Spojrzała na mnie, poganiając mnie wzrokiem. Wstałem, sięgając dłonią po jej torbę, wyjąłem z niej fiolkę i poszedłem stanowczym krokiem do kuchni. Wyjąłem z szafki szklankę i nalałem do niej wodę, wracając szybko do pokoju. Podszedłem do łózka, klękając przed nią i podałem jej leki, pomagając jej popić je wodą. Po krótkiej chwili, rozwiązałem powoli sznury.

-Może i jesteś popierdolony, ale to było urocze.

Uśmiechnąłem się nieświadomie, mimo iż ton jej głosu był zupełnie bez uczuciowy. Alex wyprostowała się, przez co jej bluzka podniosła się do góry. Oblizałem język, na myśl tego co zobaczyłbym pod ta koszulką. 

- Wyjaśnij mi proszę...co takiego zrobiłam źle, że mnie porwałeś?

- Wyjaśnię Ci to tylko raz więc słuchaj mnie uważnie. W porządku?

Brunetka skinęła szybko głowa, kładąc się wygodniej na łózko. Usiadłem koło niej, trzymając wystarczającą odległość na wypadek gdyby leki nie zaczęły jeszcze działać.

- Będziesz mieszkać ze mną przez 3 miesiące. Taki sam czas, jaki powinnaś spędzić w swojej klinice. Będziesz tylko ty i ja. Pod koniec 3 miesiąca będziesz mogła mnie opuścić albo zostać ze mną. Wiem co o tym myślisz, ale jeszcze nigdy nie czułem do nikogo tego co czuje do ciebie. Muszę się przekonać jak się to rozwinie. Muszę być pewny co do wszystkiego. Chce sprawdzić, czy obdarzysz mnie tym samym uczuciem jeśli poznamy nasze serca w stu jedenastu procentach. Rozumiesz?

Uniosłem brwi, utrzymując z nią kontakt wzrokowy. Skinęła nie pewnie głową, ocierając stróżki łez.
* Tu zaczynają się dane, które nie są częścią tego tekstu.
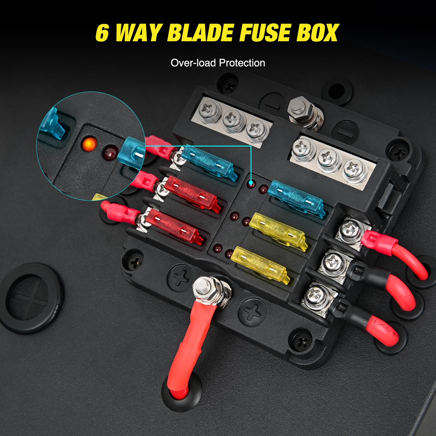 Safe and Stable: Provides a 6-way waterproof fuse box to effectively protect the circuit, prevent current overload and short circuit, and ensure power safety. Constructed with the LED voltage display, provides a real-time voltage monitoring, allows you to check the status of the voltage. The control box is equipped with upgradeable and rational wiring,including bus bar binding post for positive and negative poles,heavy-duty cables for high current loads,circuit safety
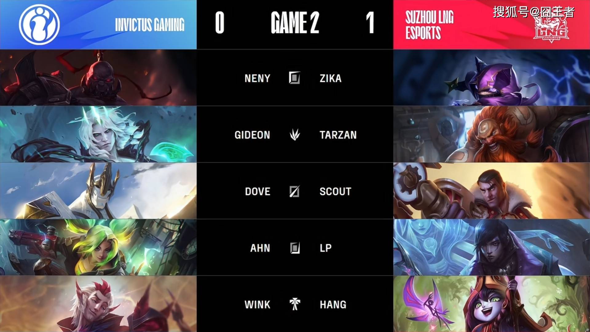 第二局比赛,IG蓝色方,禁用盲僧,蔚,楚雨荨妹,泰坦,锤石,选用赛恩、破败之王、加里奥、泽丽、洛;LNG红色方,禁用卢锡安,大树,猴子,辛德拉,安妮,选用凯南、酒桶、酒桶、厄斐琉斯、璐璐
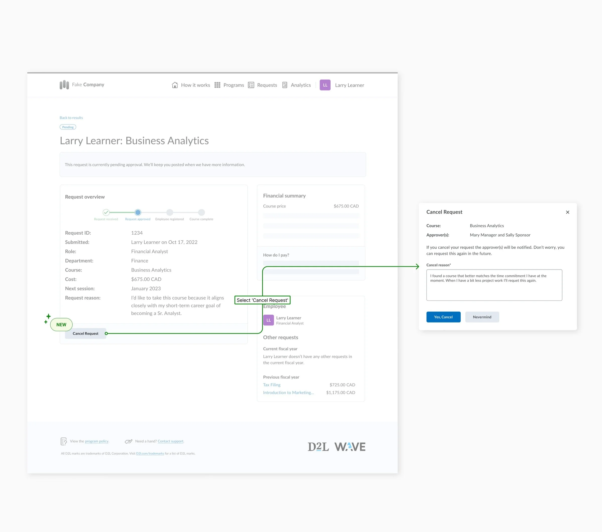 I led the design of a new cancellation workflow for D2L Wave’s course catalog, addressing a major usability pain point and eliminating our most common support ticket.
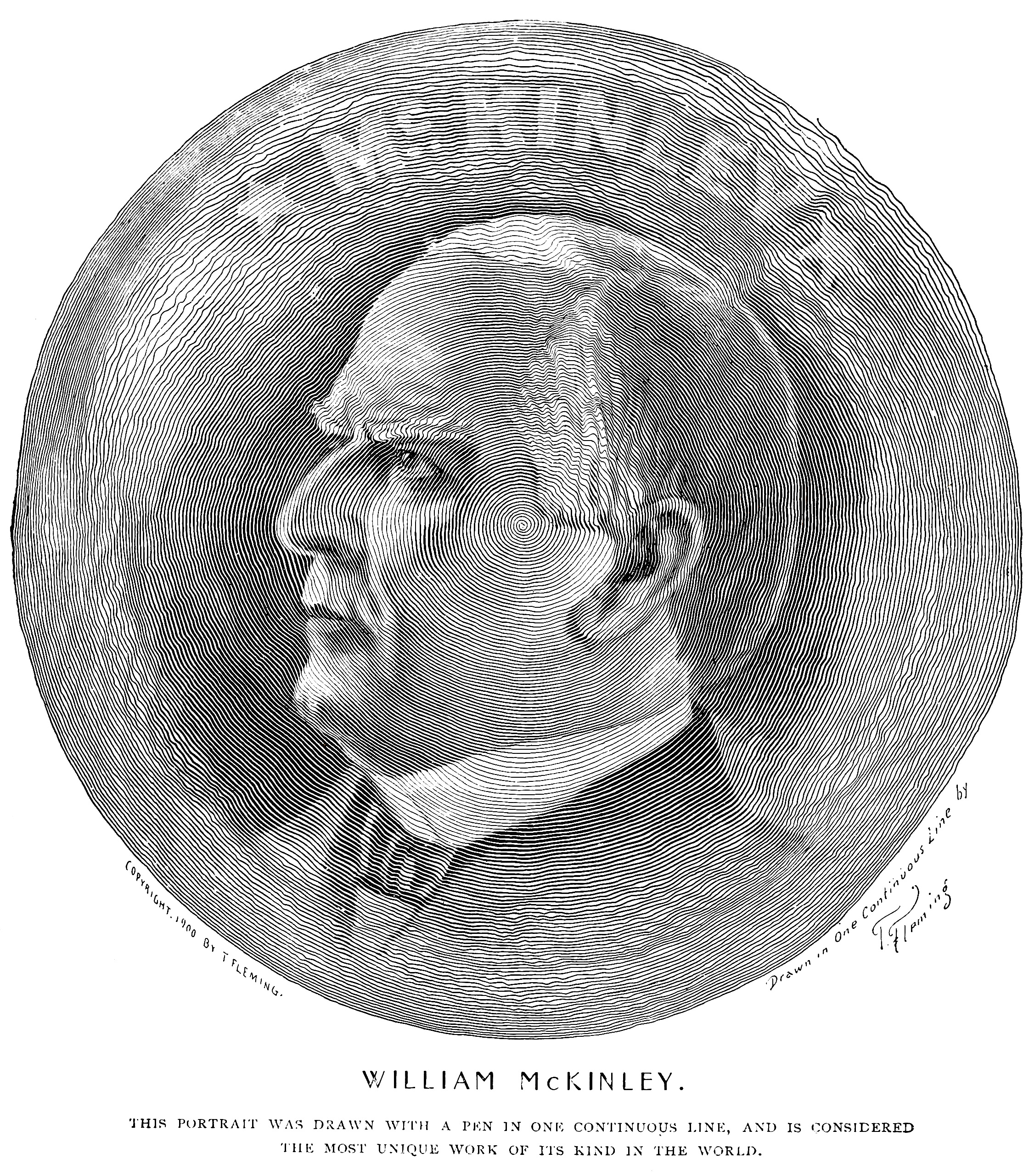 William McKinley in One Continuous Line. from Around the “Pan” with Uncle Hank: His trip through the Pan-American Exposition, by Thomas Fleming, 1901.

- Na wypadek w którym, chciałabyś zrobić coś głupiego, jest jedna rzecz, którą musisz wiedzieć. Jeśli po opuszczeniu mnie, powiesz chodźmy jedno słowo o tym co się tu stało, twoje najlepsze przyjaciółki zginą. Moi współpracownicy maja je na oku cały czas i są gotowi na każdy mój znak. Wiem dokładnie wszystko o tobie, a także jestem przygotowany na wszystko. Twoja klinika ma ze mną umowę, wszyscy tam mnie kryją i według wszystkich zapisków jesteś teraz tam pacjentem. Nie planowałem tego długo. Po prostu kiedy cię zobaczyłem, ja...ja...Naprawdę, nie zależało mi żeby cię skrzywdzić, ale nie miałem innego wyboru. To tyle, wszystko co miałem ci powiedzieć.

Alex podniosła rękę, tak jak uczennica na lekcji. Uśmiechnąłem się lekko, pozwalając jej odpowiedzieć.

- Czy proszę, mógłbyś się upewnić, że wszystkie moje przyjaciółki będą wystarczająco bezpieczne? Tylko o to proszę.
Skinąłem głową, przybliżając się do niej i położyłem się obok. Alex zamknęła oczy, oddychając cicho.

- Obiecuję, że będę posłuszna, przez całe trzy miesiące. Później wyjdę i nie powiem nikomu ani słowa i zapomnę o tobie na całą resztę mojego życia.

- Mam na imię Justin. Justin Bieber.

Przytaknęła głowa, chowając się pod kołdrą i odwróciła się na bok. Westchnąłem cicho, zamykając oczy.